October 24, 2016
Rooted deep in the South, Bluffton, S.C., has long been the quintessential sleepy little town. Increased development in nearby Hilton Head Island and recognition of the city’s historical buildings starting drawing in visitors in the late 1990s, and now the area is a flourishing haven for creative professionals and the perfect setting for a showroom.
“This town used to be the kind one passed and didn’t even know they had even been by it; now it is a destination,” said Amy Dickson, owner and designer at La Source Showroom. “We chose a space in the heart of Old Town [for the showroom] because we wanted to be in an area that was authentic, walk-able and retail friendly.”
Solving Space Constraints
The showroom had to fit within the front section of a shopping center, which was 700 square feet in total with offices in the back. The actual showroom was only a modest 400 square feet, and it needed to incorporate what most 2,000-sq.-ft. showrooms had to offer.
Dickson’s solution was to design a showroom with the appearance of a large kitchen, but it would showcase multiple design and product options without making the space feel disjointed. In that way, it would ultimately combine modern, transitional and traditional displays that all blend with each other and can be combined in any project.
“Each display can be paired with [another] in terms of colors and textures,” said Dickson. “The flooring and walls can also work with each display. It is truly a blend of all styles, and it includes elements from practical layouts in most kitchens, including an island, integrated appliances, ranges, wall ovens and cooktops.”
One set of cabinetry is modern European style, with an induction cooktop, glossy white cabinetry and black stone countertops and a backsplash. Across is a transitional look, with dark cabinetry and integrated appliances. A traditional kitchen is perpendicular to both of these, with a stone backsplash, gray cabinetry and a La Cornue range to pull it together. A large wood island with a white countertop centers the room.
Unifying the Space
According to Dickson, the key to blending three genres was to use neutrals.
“I used different materials for every surface to show visual interest,” she said, “but I played up texture and played down sheen so they all seem to get along.”
The hardwood flooring throughout the room also unifies the showroom, as well as the white walls, trim and ceiling. Three types of lighting illuminate the space, including modern streamlined pieces, bronze transitional lights and bell-shaped pendants over the traditional stove.
“The showroom also doesn’t feel overcrowded because clearances were respected and often more generous than some actual home interiors,” said Dickson. “This was done to increase the sense of space and luxury in the small showroom.”
Serving All Clients
It was important to the owner to have a showroom that caters to a variety of clients with a large range of budgets. Most of the displays featured can be built using both stock cabinets and custom-made cabinets.
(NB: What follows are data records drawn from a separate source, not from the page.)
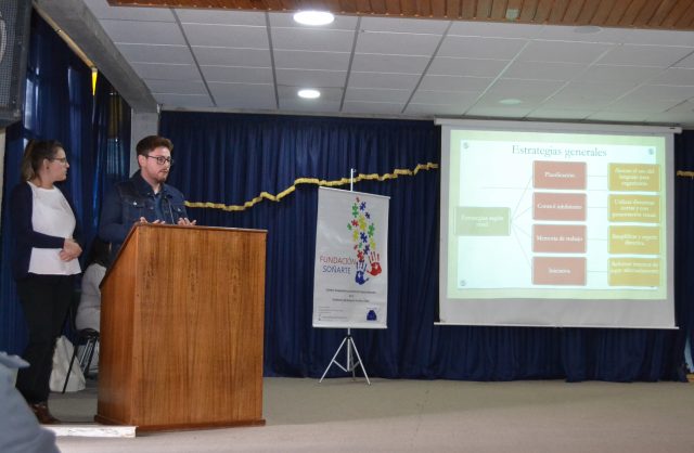 Los terapeutas del Programa Casa Azul de la Fundación Soñarte, Ninoska Prado y Mauricio Aguilera fueron los encargados de exponer el tema “Qué es el TEA, derribando mitos”.
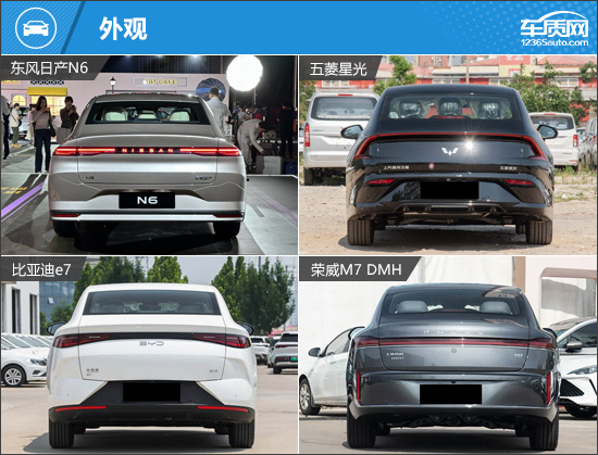 车尾设计方面,五菱星光和荣威M7 DMH配备当下流行的贯穿式尾灯组;东风日产N6则是选择了狭长式尾灯组,并通过装饰条实现贯通式的效果;比亚迪e7采用双轮弦月环抱式尾灯,整体造型更圆润,与前灯组形成前后呼应。
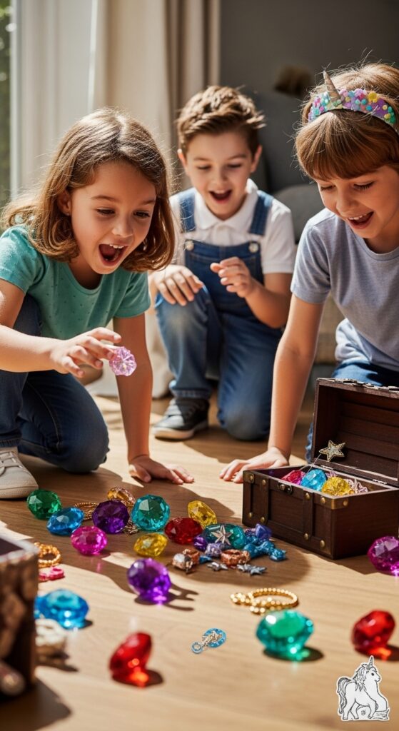 Create a hidden treasure chest filled with plastic gems, toy rings, and sparkly stickers. Mix mermaid scales with unicorn glitter for that perfect magical touch. Pro tip: use different colored gems to represent each domain. The kids absolutely love unearthing “ancient artifacts” that bridge both fantasy worlds beautifully. For younger children celebrating their first birthday, keep the treasure hunt simple with colorful items placed in easy-to-reach locations around the party area.
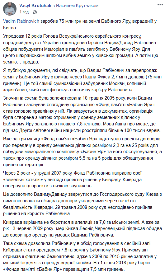 "В течение 12 лет председатель Всеукраинского еврейского конгресса, народный депутат Украины и гражданин Израиля Вадим/Давид Рабинович обещал построить Мемориал в память о погибших в Бабьем Яру. Для этого он выбил землю у киевской общины. А потом эту землю... продал.
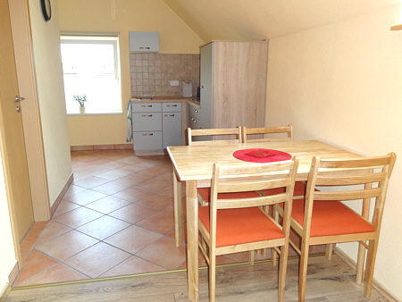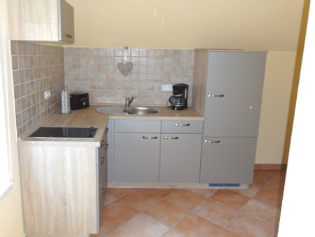 - Küche mit Esstisch und Einbauküche( Kühlschrank mit Gefrierteil, zwei Kochplatten, Mini-Elektroherd, Kaffeemaschine, Toaster, Wasserkocher sowie weitere Küchenutensilien und Geschirr)
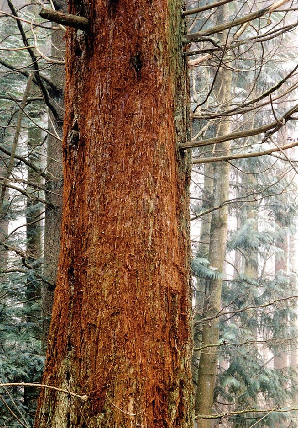 De temps en temps, l’écureuil utilise aussi l’écorce de certains résineux comme matériau de rembourrage, notamment celle qui présente une texture fibreuse. Contrairement à l’écorce des feuillus, celle des résineux est collectée principalement sur des arbres vivants. C’est le séquoia géant (Sequoiadendron giganteum, Fig. 3) qui est concerné en première ligne avec également, d’après des observations personnelles, le cryptomeria du Japon (Cryptomeria japonica), le thuya géant (Thuja plicata), mais aussi le séquoia de Chine (Metasequoia glybtostroboides), ainsi que le cyprès chauve (Taxodium distichum), toutes des essences exotiques. D’après le type d’écorce, les essences concernées sont celles qui présentent une structure naturelle fibreuse ou un rhytidome qui s’exfolie en lanières sur le fût.
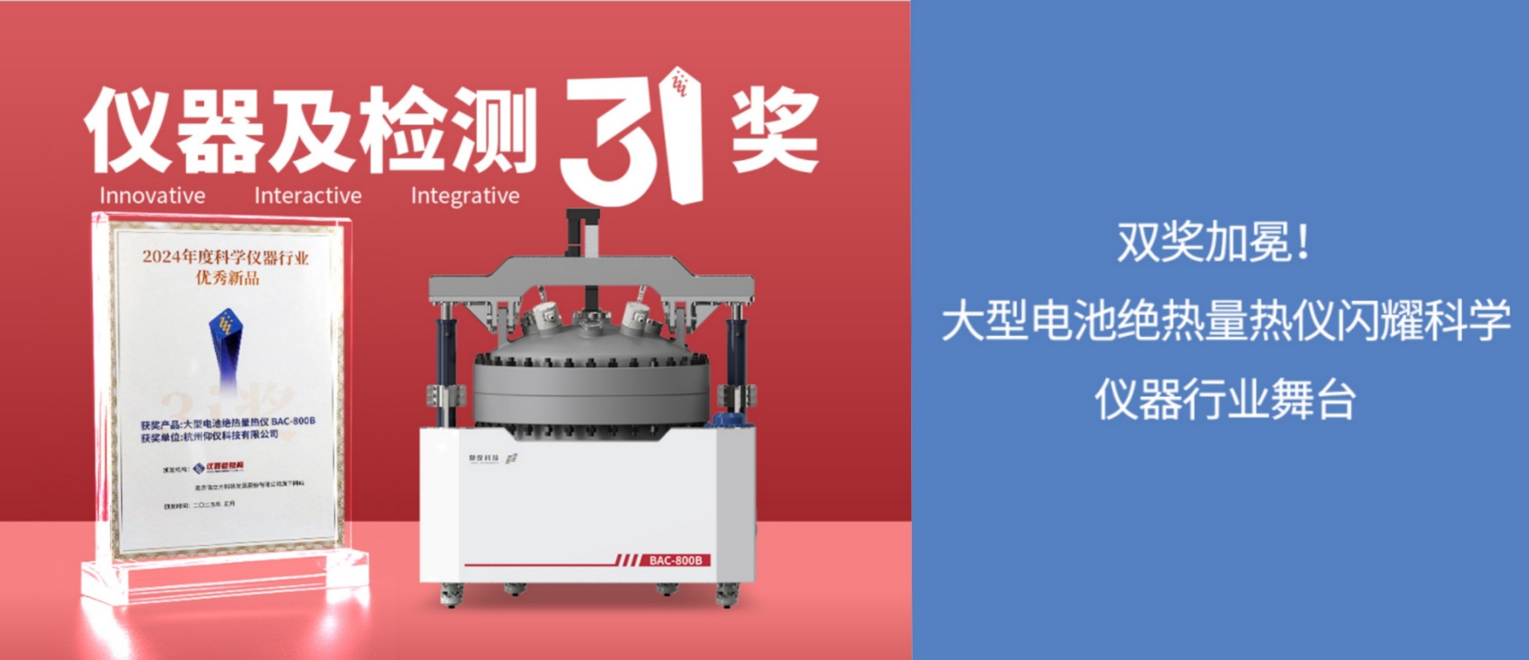 本次盛會上,仰儀科技BAC-800B大型電池絕熱量熱儀榮獲“3i獎-2024年度科學(xué)儀器行業(yè)優(yōu)秀新品獎”?!?i 獎-科學(xué)儀器行業(yè)優(yōu)秀新品獎”由儀器信息網(wǎng)于2006年設(shè)立,旨在公正客觀地展示創(chuàng)新儀器產(chǎn)品,鼓勵廠商創(chuàng)新,以滿足市場多樣化需求。經(jīng)過近20年的發(fā)展,該獎項已成為國內(nèi)外科學(xué)儀器行業(yè)的權(quán)威獎項,其獲獎名單得到多個政府部門的高度采信。
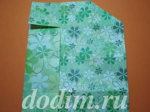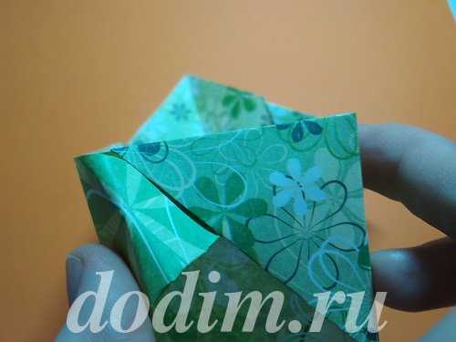 Осталось сделать вторую стенку. Для этого нам нужны небольшие диагональные складки по бокам. По ним сложите оставшийся участок бумаги, подняв вверх край листа. Острые концы спрячьте в кармашки, образовавшиеся на боковых сторонах коробочки. Таким образом, она не распадётся и приобретет прямоугольную форму.
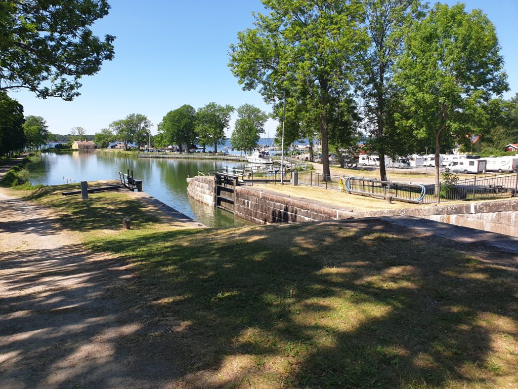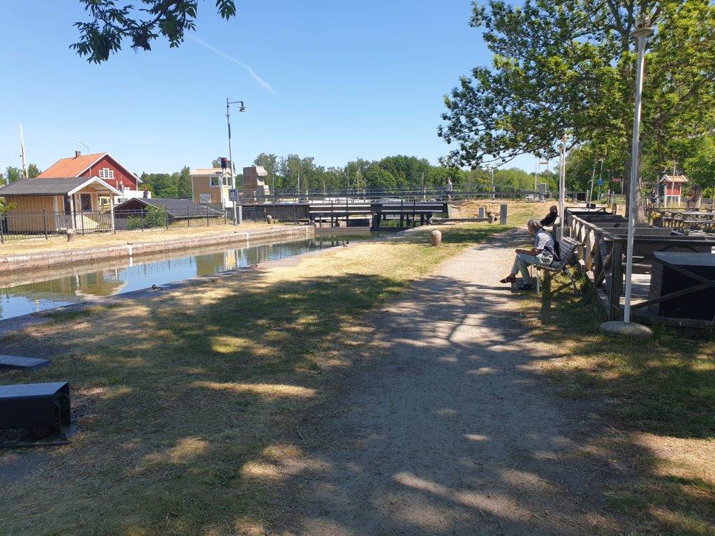 Es ist schon langweilig, aber die Sonne begrüßt uns jeden Tag mit voller Stärke. Heute morgen gibt es frische Brötchen vom Kiosk. Wir packen ein und fahren Richtung Kristinehamn. Unterwegs überschreiten wir noch mal den Götakanal in Sjötorp, wir halten für eine kleine Pause an und siehe da, hier waren wir auch schon mal.
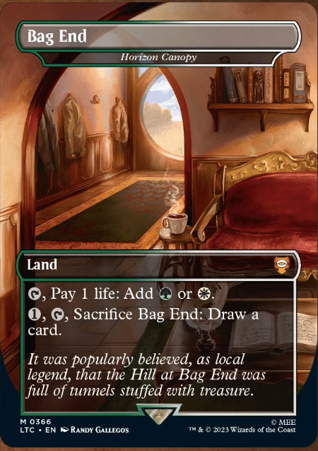 Just like Frodo sold Bag End as he began on his adventure, you can now sell Bag End to prepare for yours! Horizon Canopy is definitely one of the more expensive cards in the Horizon Land cycle, and these commonly see Modern play. Lands that turn into card draw are also rather valuable in the Commander format since games tend to go quite long. This makes flooding a real issue, so having something to do with your lands can help you get to gas faster.

“The idea is to showcase high design but be able to serve all clients with a variety of budgets, said Dickson. “The La Source showroom was conceived to serve a design–driven market, and the requirement was to provide a consolidated and comfortable space for clients to make design selections without being overwhelmed.”
The variety of appliances and brands around the island showcases how customers can pick and choose their favorite layouts and functionality. All the appliances shown are available in common standard sizes so a client can easily choose their preferred brand.
“I believe if your budget is tight, you should still have designer options, and quality should never be sacrificed,” said Dickson. “If your budget is less constrained, then there can be more options and greater levels of personalization. It’s really up to the client.”